Mark Santorelli (born August 6, 1988) is a Canadian former professional ice hockey left winger. His older brother Mike used to play for the Anaheim Ducks. They were teammates through the majority of the 2009–10 season with the Predators AHL affiliate, the Milwaukee Admirals.

Playing career
Santorelli was selected by the Nashville Predators in the fourth round, 119th overall in the 2007 NHL Entry Draft. In the 2006–07 WHL season, he led the Chilliwack Bruins of the Western Hockey League (WHL) in points with 82. Then, in the 2007–08 WHL season, he won the prestigious Bob Clarke Trophy as the league's top scorer with 101 points. Santorelli is the Chilliwack Bruins franchise leader in career assists, points, and games played.

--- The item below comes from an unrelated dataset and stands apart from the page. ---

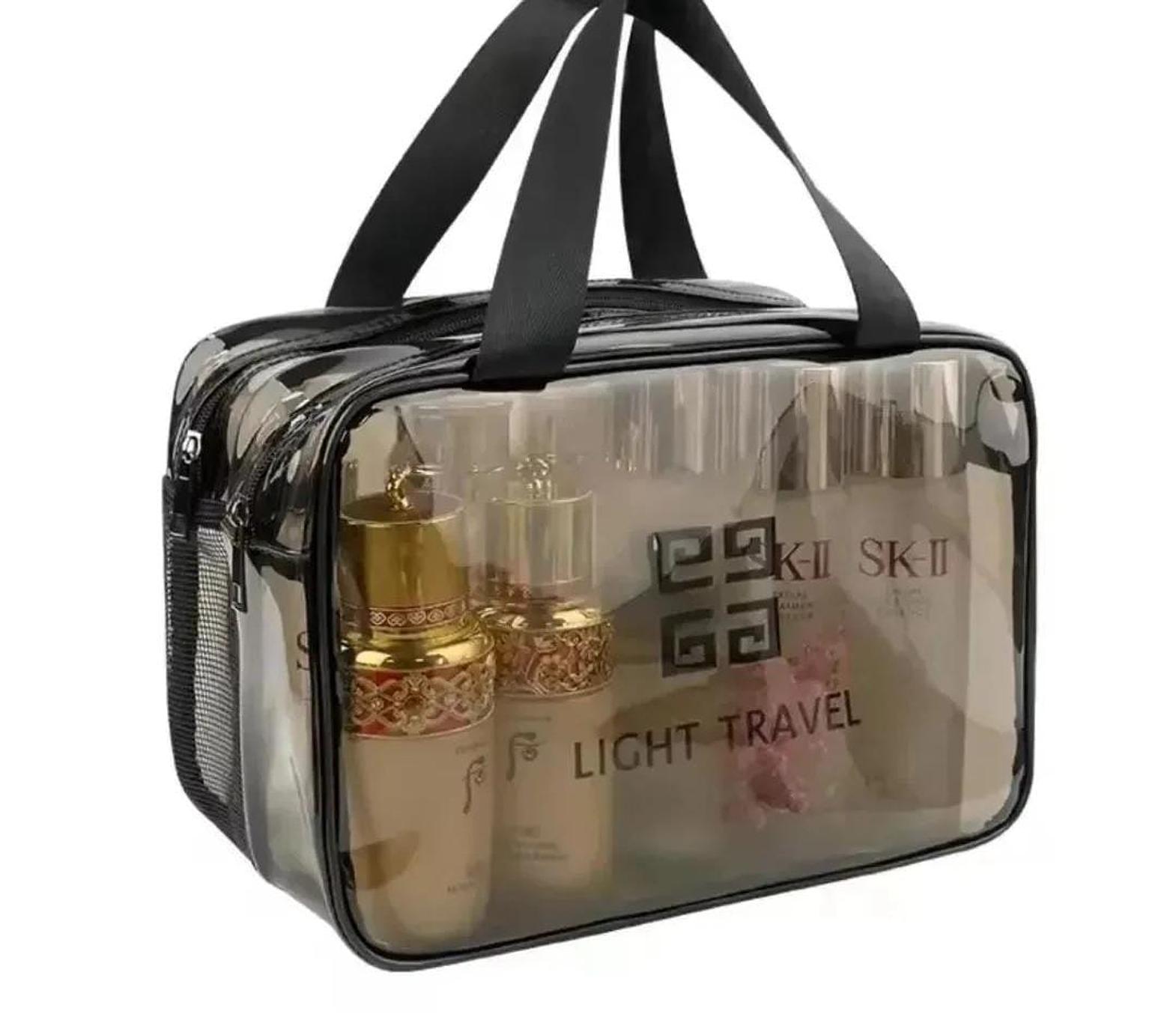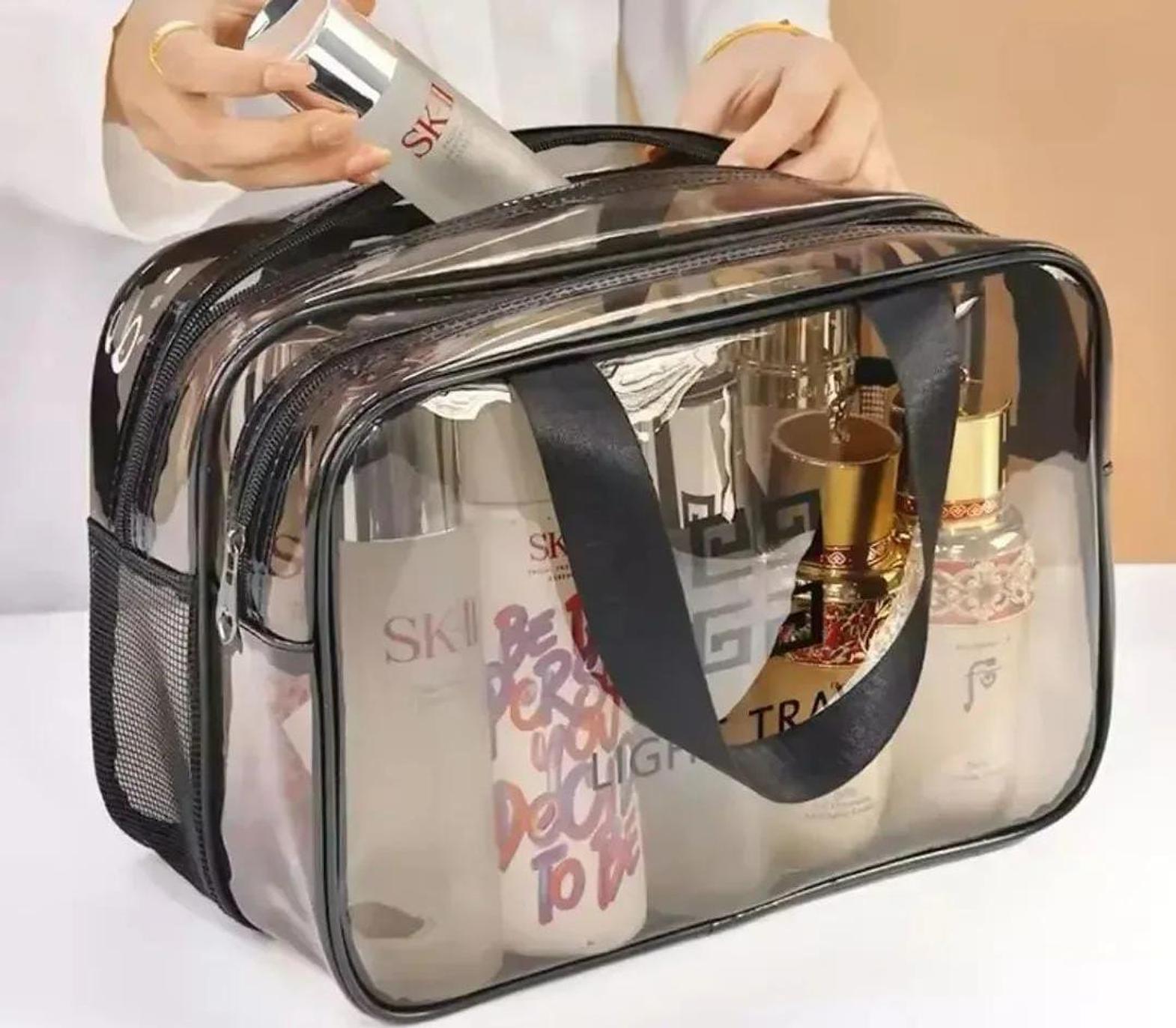 A compact yet roomy cosmetic bag designed to neatly organize your makeup, toiletries, and essentials wherever you go.

On August 5, 2013, Santorelli moved to Italy from Sweden, signing a one-year contract with HCB South Tyrol, the newest accepted member of the Austrian Hockey League. In a surprising 2013–14 season, Santorelli was instrumental in helping Bolzano claim the EBEL Championship, posting 45 points in 54 games to become part of the first non-Austrian club to win the Austrian title.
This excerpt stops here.